ISOCPP sg16 List: Re: Undated reference to Unicode Standard and UAX #29

From: Tom Honermann <tom_at_[hidden]>
Date: Sat, 6 Jan 2024 21:14:33 -0500

On 1/6/24 2:23 PM, Jonathan Wakely via SG16 wrote:
>
>
> On Sat, 6 Jan 2024, 17:37 Jens Maurer, <jens.maurer_at_[hidden]> wrote:
>
>
>
> On 06/01/2024 00.40, Jonathan Wakely wrote:
> >
> >
> > On Fri, 5 Jan 2024 at 20:46, Jens Maurer <jens.maurer_at_[hidden]
> <mailto:jens.maurer_at_[hidden]>> wrote:
> >
> >
> >
> > On 05/01/2024 18.35, Jonathan Wakely via SG16 wrote:
> > >
> > >
> > > On Fri, 5 Jan 2024, 16:47 Mark de Wever, <koraq_at_[hidden]
> <mailto:koraq_at_[hidden]> <mailto:koraq_at_[hidden]
> <mailto:koraq_at_[hidden]>>> wrote:
> > >
> > > On Fri, Jan 05, 2024 at 04:26:49PM +0000, Jonathan
> Wakely via SG16 wrote:
> > > > Since the adoption of P2736 C++23 and the current
> C++ working draft just
> > > > refer to "the Unicode Standard", with a URL
> referring to the latest
> > > > version. We removed the bibliography entry for TR29
> revision 35. P2736
> > > > gives the justification for this that the revision
> of #29 included in
> > > > Unicode 15 (revision 41) is just a bug fix, so
> there's no problem referring
> > > > to that instead.
> > > >
> > > > That might have been true last year, but the current
> Unicode Standard
> > > > (15.1.0) includes revision 43 of UAX #29, which
> makes significant changes
> > > > to the extended grapheme cluster breaking rules. A
> new state machine is
> > > > needed (and new lookup tables of properties) to
> implement rule GB9c. That's
> > > > not just a bug fix, is it?
> > > >
> > > > Are C++ implementations expected to implement rule
> GB9c, despite it not
> > > > being part of the standard when C++23 was published?
> > >
> > > AFAIK this was indeed intended. The Unicode Standard
> moves at a faster
> > > pace than the C++ Standard. This allows C++ to always
> use the latest
> > > Unicode features and backport them to older language
> versions.
> > >
> > >
> > > Maybe the intent was to allow that, but the way I read it
> we *require* that.

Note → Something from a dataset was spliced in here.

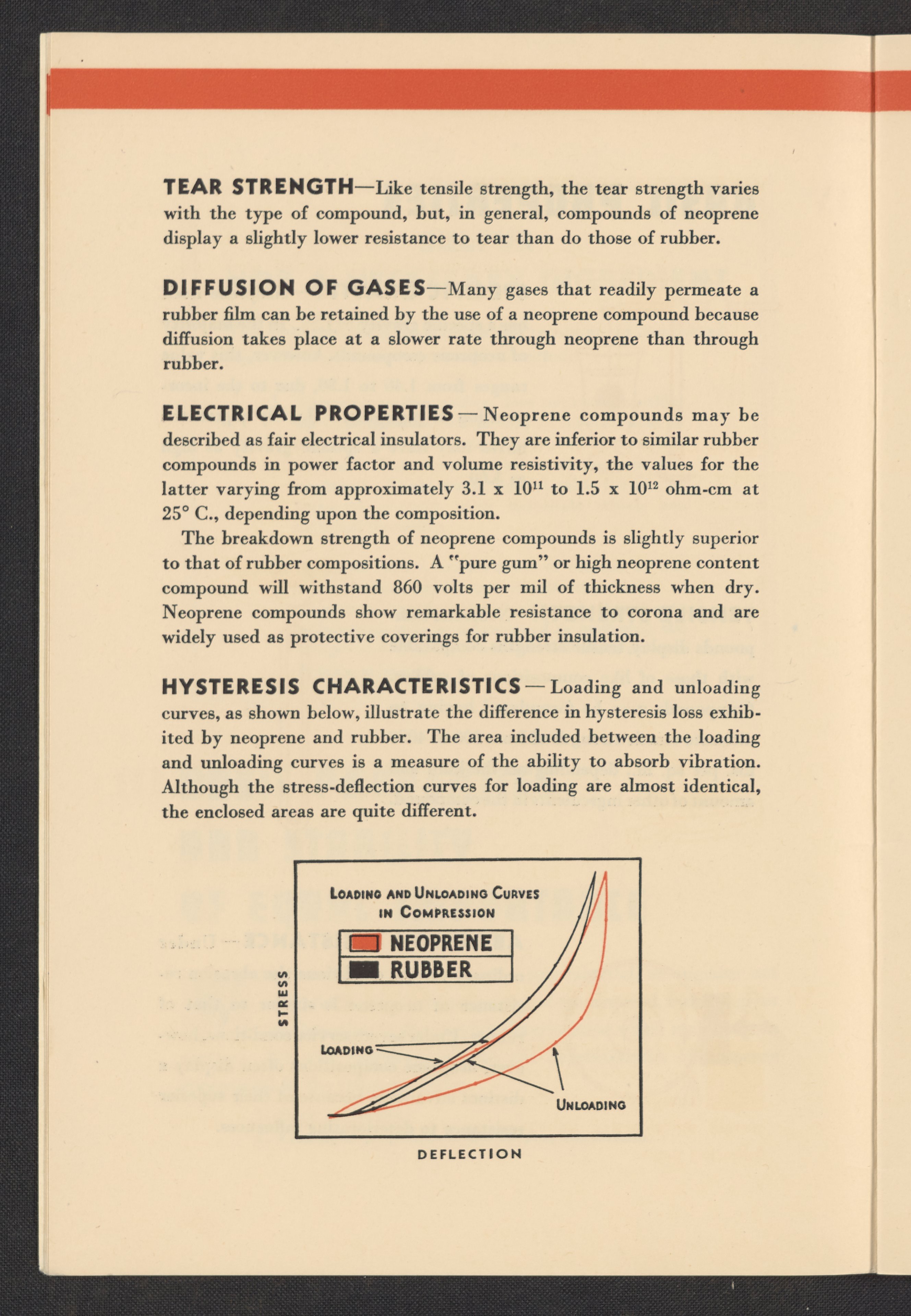 E.I. du Pont de Nemours & Company. Rubber Chemicals Division. “Neoprene A Remarkable Engineering Material.” Wilmington, Delaware, 1943. TS1925 .D87 1943. Science History Institute. Philadelphia. https://digital.sciencehistory.org/works/hw7347x.

Is there wording that says that an
> implementation can choose which version to conform to?
> > >
> > > If not, what stops all existing implementations become
> non-conforming when a new version of unicode gets published?
> >
> > Nothing, if the new version of Unicode changes behavior that C++
> > refers to (as seems to be the case here).
> >
> > My understanding is that this was intentional; ISO wants us
> to refer
> > to undated standard if possible, too.
> >
> > If we feel we should "freeze" the Unicode version for each
> C++ standard
> > release, we could do that. Implementer feedback is
> certainly welcome
> > for that decision.
> >
> >
> > I think I'd prefer if we just somehow say that implementations
> can define which Unicode standard they conform to. That way if a
> conforming C++23 implementation uses Unicode 15.1.0 (the latest
> version today) then it doesn't become non-conforming overnight
> when a new Unicode standard is published. We can recommend that
> implementations pin themselves to a recent Unicode standard, and
> even recommend that implementations should (if possible) update to
> use newer Unicode standards as they become available.
>
> Hm... That's not how normative references are supposed to work in
> an ISO world,
> I think ("pick the version you want" -- no), but we could
> certainly try that.
>
>
> I'd be fine with "C++23 refers to unicode 15.0.0", or "it is
> implementation defined which unicode standard a C++23 implementation
> conforms to", but I don't like the idea of C++23 being a moving target
> that changes meaning after publication.
>
> How do I even know which code points I can refer to with a
> universal-character-name in a portable C++23 program? Doesn't that
> depend on the unicode version?

The code points that can be specified via /universal-character-name
<http://eel.is/c++draft/lex.charset#nt:universal-character-name>/ don't
change, but additional names may become available for use in
/named-universal-character
<http://eel.is/c++draft/lex.charset#nt:named-universal-character>/. The
Unicode stability policy ensures that such names never go away (even
when erroneously specified). See
https://www.unicode.org/policies/stability_policy.html#Name.

>
>
>
> > But there's no way that a discontinued/EOL compiler version can
> get updated to a newer Unicode standard, which is what we seem to
> be requiring as a condition of being a conforming implementation.
>
> I don't think this problem arises in practice. Do we have a
> conforming implementation
> of C++ (which happens to be C++20 at this point in time)? This
> will stop being conforming
> in a few weeks when C++23 is published, at which point C++20 is
> considered withdrawn /
> superseded. And when C++23 is published, it will stay in force
> for about three years.
>
>
> But compilers still offer support for previous standards. We don't say
> "sorry, C++23 is out, you can't use -std=c++17 now".
Wouldn't that be nice though :)
>
> Should I interpret "C++23 requires you to use the latest unicode
> standard" as only being true until 2026? That makes it tempting to not
> even try to conform to C++23 until 2026, when it stops being a moving
> target ;-)
>
> More seriously, I think what you're saying is that an implementation's
> "C++20 mode" is already a non-standard thing that has impl-defined
> meaning, because the standard only defines one version of C++ at a
> time. So an implementation can choose what its "C++20 mode" means, and
> pinning it to a version of unicode that was current in 2020 is OK.
>
> But I still find it unsettling that the definition of "C++" will
> change under our feet between 2023 and 2026. It effectively means that
> everything the unicode consortium does is immediately adopted as a DR
> against the current C++ standard with no involvement from WG21.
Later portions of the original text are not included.